Sunday, March 4, 2007

More like tame Guinea Pigs

This is one of those movies that looks as if it was more fun to make than it is to watch. Travolta, Macy, Lawrence and Allen get to show off their motorcycle-riding skills, and those of their stuntmen. They bop around New Mexico on their Harleys — in leathers, often without helmets — and goof around. And Disney paid them for it.


I'm going to try to keep this short. If I obey my mother's maxim, it won't be that hard.

When I read the review above, of which I've quoted only a paragraph, I wasn't the least deterred from seeing the film. I'd been looking forward to it for months. I'd pointed out the poster to my wife, weeks ago, and said, from the poster alone, that I'd bet money John Travolta was the only one of the bunch who really rode a bike. She saw the boys later on Opra and confirmed that intuition. Heck, I'd even garnered a kitchen pass (the married guys will know what that means) to gather a group of my guy friends on opening night for a vicarious road trip followed by some serious male bonding over beer and chips.
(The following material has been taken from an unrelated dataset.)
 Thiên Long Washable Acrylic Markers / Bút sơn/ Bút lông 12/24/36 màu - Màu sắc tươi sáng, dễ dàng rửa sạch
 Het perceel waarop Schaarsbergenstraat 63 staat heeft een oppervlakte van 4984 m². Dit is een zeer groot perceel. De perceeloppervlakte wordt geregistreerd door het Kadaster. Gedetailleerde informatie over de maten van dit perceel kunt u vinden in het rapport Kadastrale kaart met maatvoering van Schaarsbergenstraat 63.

It ended up being the night after opening night, and we should have gone straight to the bar.

Not that I didn't laugh. I laughed hard, here and there. But I wasn't expecting quite the slapstick film that I got. The best comedy I can remember from the last ten years remains America's Sweethearts. Why? Because it was side-splittingly hilarious without ever being unbelievable or silly. It was to comedy what the newest Bond was to Bond films (okay, not entirely believable, but not filled with silliness and gadgets either). How can I say this? It's the comedic difference between City Slickers and Anchorman (or any other idiotic Will Farrell film--God bless him, I'm glad my kids love him, he showed promise in Stranger than Fiction, but I could feel myself losing IQ points just watching the previews to his upcoming ice skating movie).
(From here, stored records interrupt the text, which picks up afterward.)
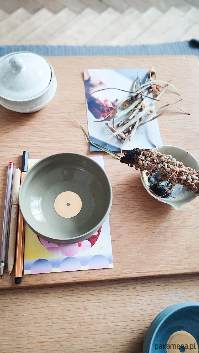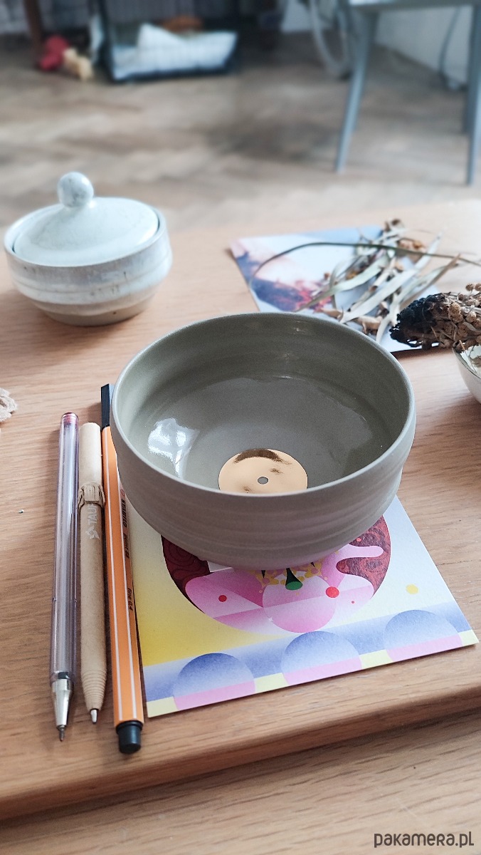Ręcznie wykonana ceramiczna czarka w kojącym odcieniu oliwkowej kamionki.
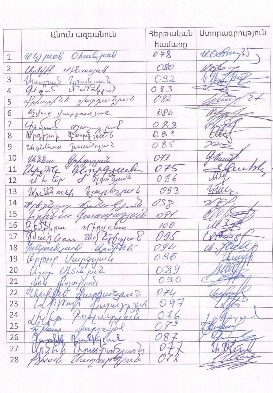 «Հայաստան» խմբակցության ղեկավար Սեյրան Օհանյանը հրապարակել է խմբակցության բոլոր 28 պատգամավորների ստորագրությունները վարչապետ Նիկոլ Փաշինյանին իմպիչմենթի ենթարկելու համար։
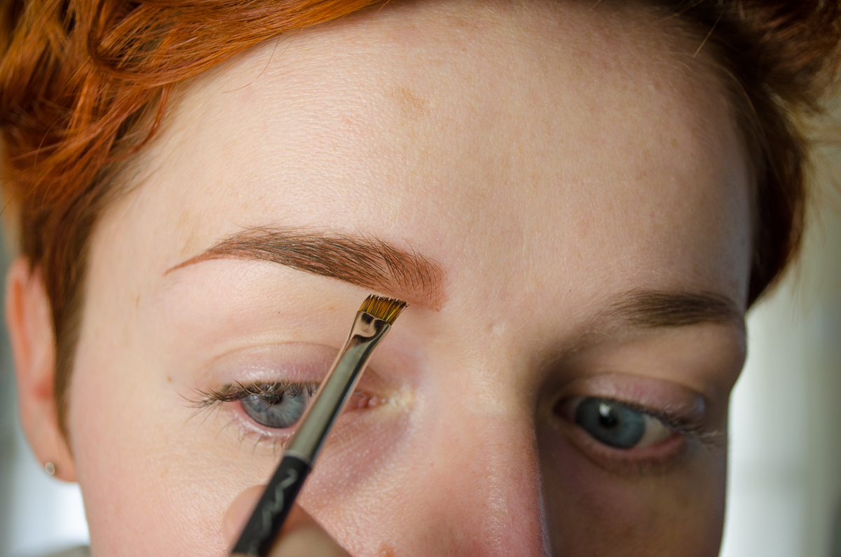 Pick up new pomade on your brush. Locate the upper arch of your brow, and draw a line from it to the outer edge of the tail. Fill in with the pomade, allowing the outer edge to be darker. Using short, rapid strokes helps me to make sure it’s all blended.

I realize that I'm betraying a lot about my own taste in film here, but that's the point--to allow you to get to know what I like and don't, so that you can value my opinion, or not. Things my children find hilarious now make me worry about their good sense, and they, on the other hand, think I'm losing my sense of humor. I'm not that cerebral either--I can only do Woody Allen if the seat is really comfortable and my head can find a position that precludes snoring. But no Will Farrell, please, and this film was headed in that direction. Not there, mind you, but dangerously close.
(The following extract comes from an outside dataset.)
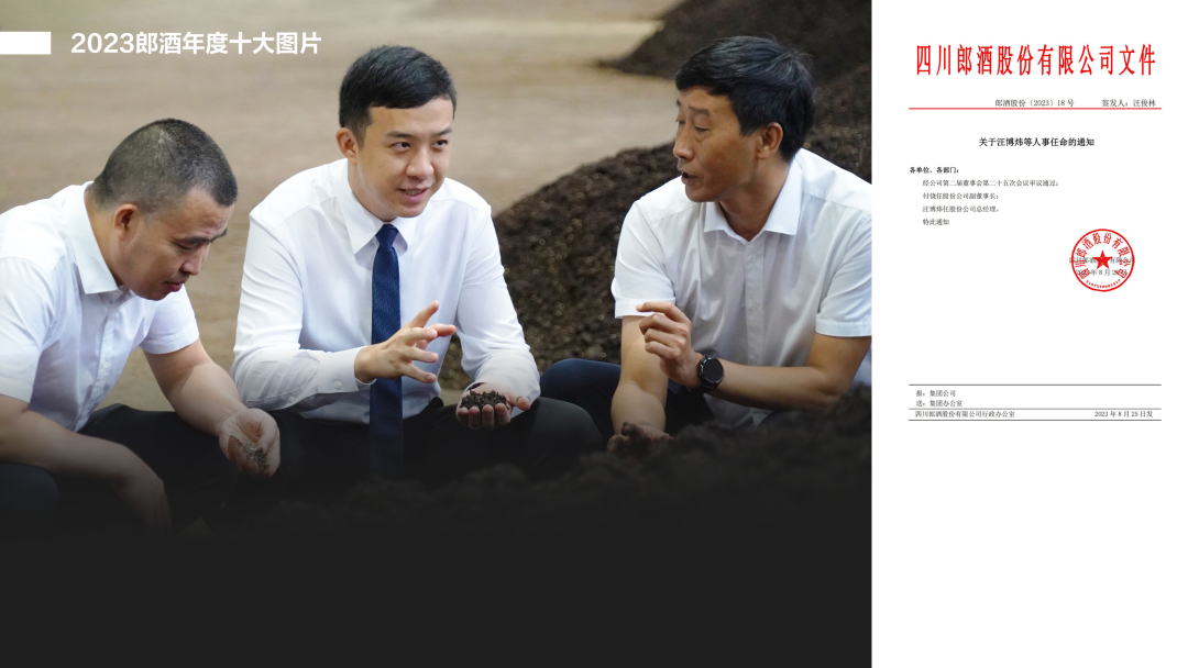 2023年8月25日,郎酒股份发布通知,经郎酒股份公司第二届董事会第二十五次会议审议通过,汪博炜出任郎酒股份公司总经理。郎酒正在朝着更加年轻化、专业化、知识化的方向迈进。一个守正创新的郎酒、一个勇攀高峰的郎酒、一个青春洋溢的郎酒,正在赤水河左岸冉冉升起。
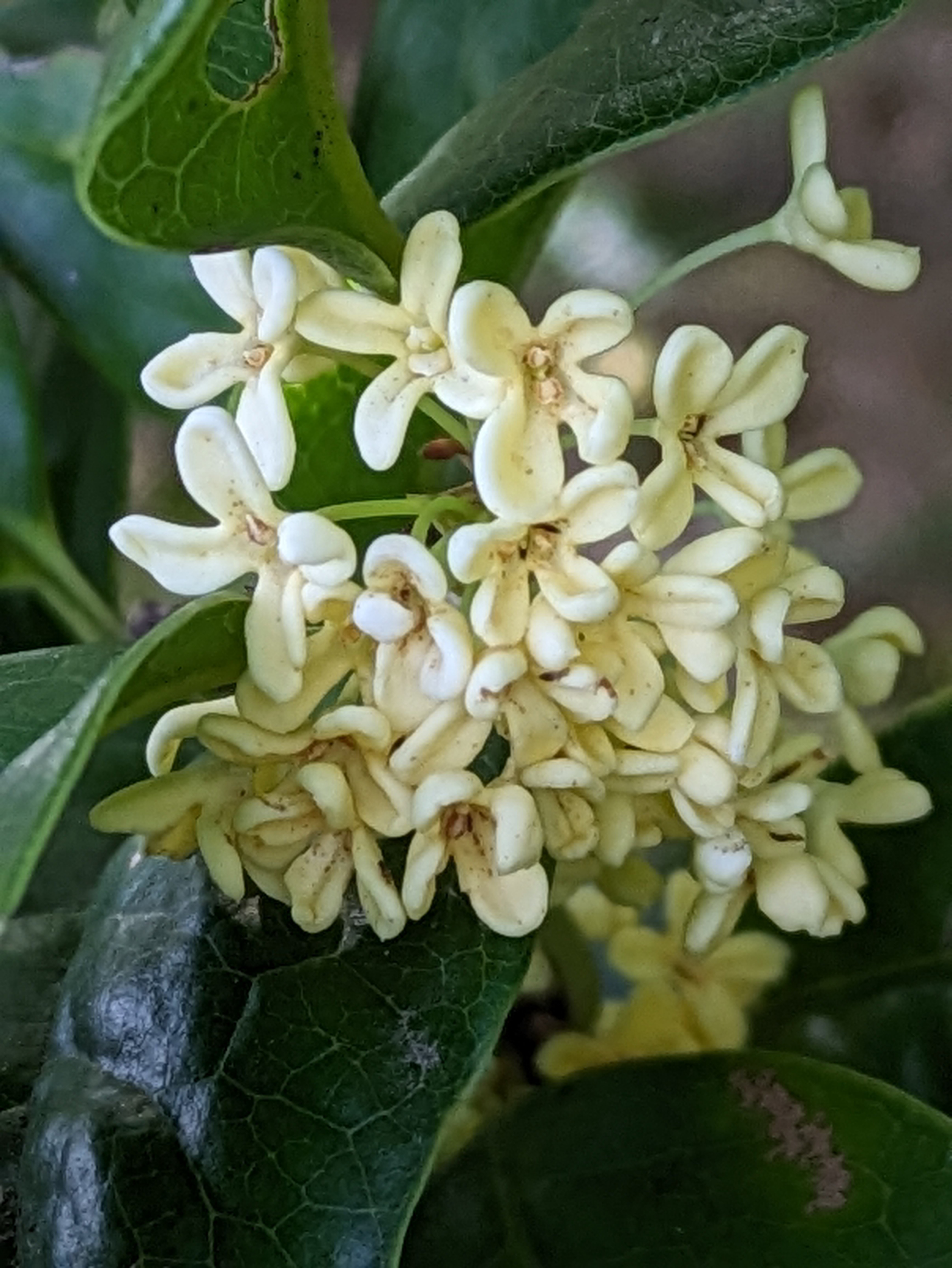 散歩中にほのかに香る金木犀、銀木犀の花が咲いてきました。秋を感じますね。

So, back to Wild Hogs. I wasn't deterred when I read that review because it sounded to me like jealousy was getting the better of Roger Moore. Who cares if they had fun making the film? If I can have nearly as much fun watching it, then I'm good to go. It's a guy thing. We're used to living vicariously through other guys--especially those of us who have been married for decades but still have die hard single pals. (Watch Rules of Engagement on Monday night for a healthy dose of what I mean. The writers recognize it, so I ought not be letting any cats out of the bag here.) But alas, Roger wasn't being jealous; he was just being honest.

So, bottom line, it's funny, hilarious in places, but it's silly too--too much so for most of us close to that age to seriously project ourselves into those leathers for the vicarious trip we were looking forward to. Which means, I suppose, we'll just have to do it ourselves. And , I'll have to give Roger Moore a little more credit from here on out.